By IANS
Patiala (Punjab) : A special court Tuesday convicted three men and sentenced them to life imprisonment for conspiracy in the hijacking of Indian Airlines flight IC-814 from Nepal to Kandahar in Afghanistan in December 1999.
Abdul Latif, Dalip Kumar and Yusuf Nepali were found guilty under the Anti-Hijacking Act by special judge Inderjit Singh Walia. The court was held at the high-security Patiala central jail complex where the three accused were lodged after their arrest.
The three were present in the court when the verdict was given.
Of the 10 accused, only three could be nabbed. The other seven – all Pakistani nationals – indicted in the case are at large.
The seven have been identified as Ibrahim Athar alias Chief, Sunny Ahmed Qazi alias Burger, Sahid Sayeed Akhtar alias Doctor, Zahoor Ibrahim Mistry alias Bhola, Shakir alias Shankar and Jaish-e-Muhammad Maulana Masood Azhar’s brother Yusuf Azhar and his brother-in-law Abdul Rauf.
Sayeed Akhtar was accused of killing 25-year-old Rupen Katyal, a passenger on board the hijacked flight, with a knife. The hijackers also injured another passenger, Satnam Singh, during the weeklong ordeal.
Hearing in the matter, including the cross-examination of over 120 witnesses in the last seven years since March 2001, was completed last month.
While the Central Bureau of Investigation (CBI) arrested Abdul Latif and Dalip Kumar from Mumbai in December 1999, Yusuf Nepali was arrested later from Kathmandu. They have been in Patiala jail since their arrest.
The conspirators were accused of helping the Pakistani hijackers in procuring fake passports and other papers and helping them take weapons inside the flight. They were not directly involved with the hijack.
The Indian Airlines’ New Delhi-bound flight from Kathmandu was hijacked Dec 24, 1999 with 179 passengers and 11 crewmembers on board. The plane was taken towards Pakistan but later landed at Amritsar airport. It then took off again and landed at Lahore and Dubai for refuelling before finally landing at Kandahar in southern Afghanistan.

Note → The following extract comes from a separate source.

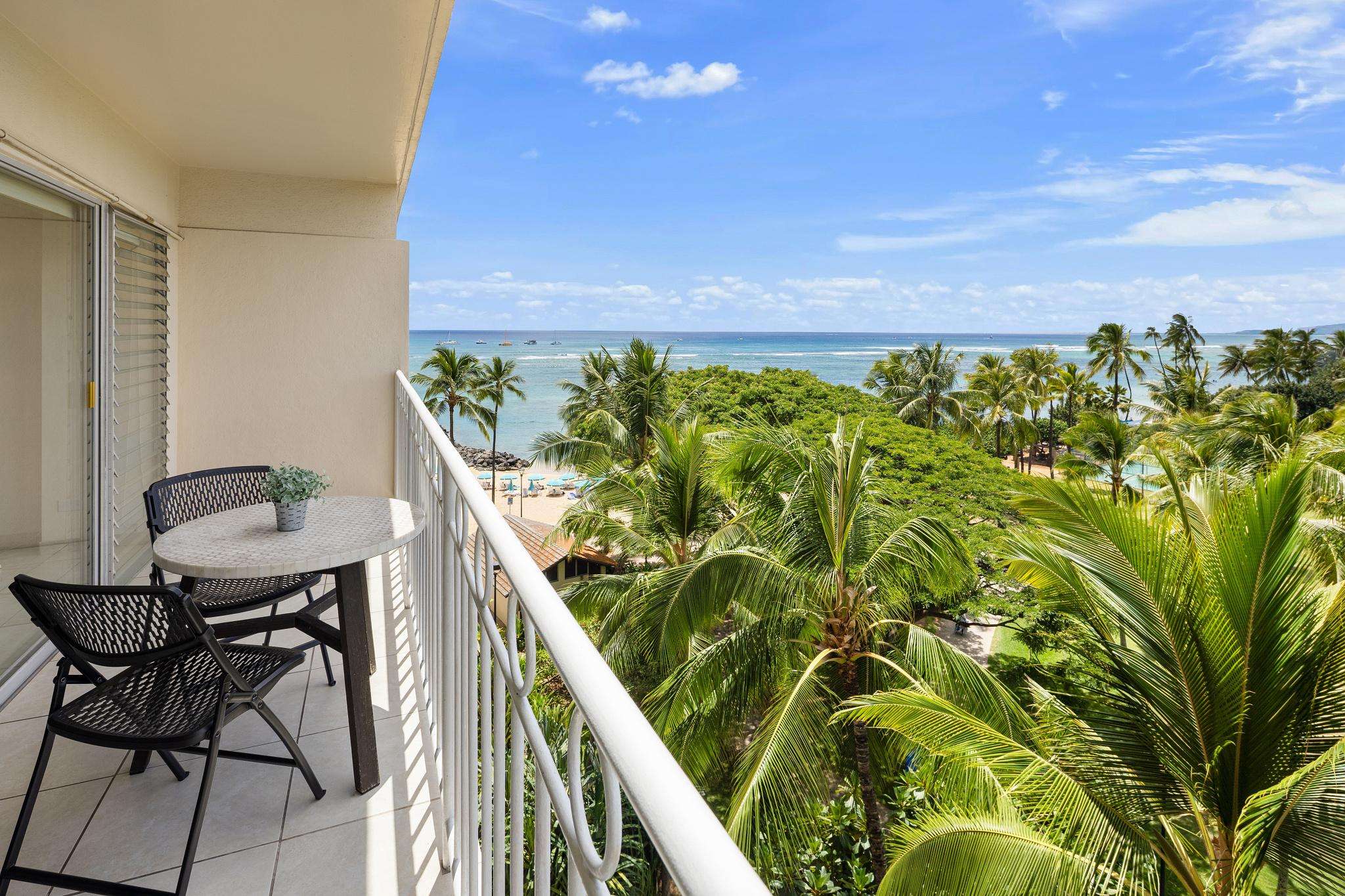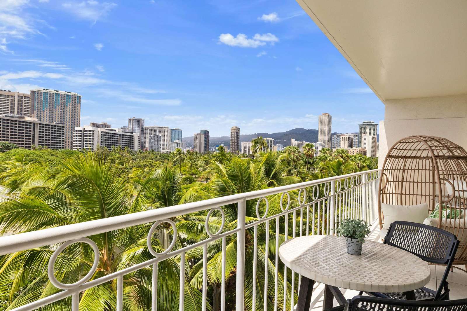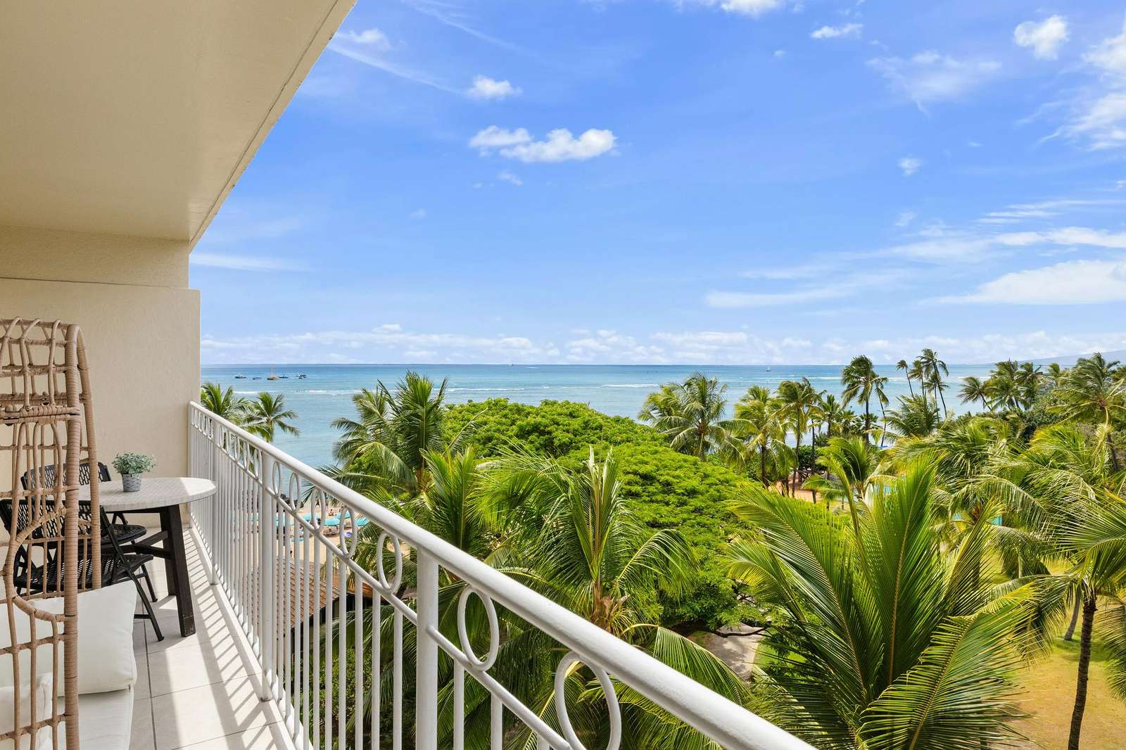 This luxurious 1BD/1BA at Waikiki Shore is located literally just steps away from Waikiki Beach and Fort DeRussy. Enjoy a glass of wine or cup of coffee on the lanai, overlooking the ocean!

The weeklong drama ended with the hijackers securing the release of three dreaded terrorists from Indian prisons – Jaish-e-Mohammed (JEM) chief Masood Azhar, Al Umar Mujahideen chief Mushtaq Zargar and Ahmed Omar Sayeed Sheikh, who has been convicted in the murder of American journalist Daniel Pearl.
While Masood Azhar and Sheikh are Pakistanis, Zargar is an Indian Kashmiri. Then Indian external affairs minister Jaswant Singh flew with the terrorists to Kandahar to secure the release of the passengers on board.
According to the prosecution case, the conspiracy of the hijacking was hatched in 1999 in Sabzi Mandi area of Bangladesh’s capital Dhaka. The plans for travel, hotel accommodation and travelling documents were also finalised.
Weapons, including hand grenades and revolvers, and fake passports were procured later.
The CBI has said in its chargesheet that the entire operation was masterminded by Harkat-ul-Mujahideen’s agents and aided by Pakistan’s intelligence agency ISI.
CBI officials said it was the recording of the confessional statements of the accused that led to the convictions.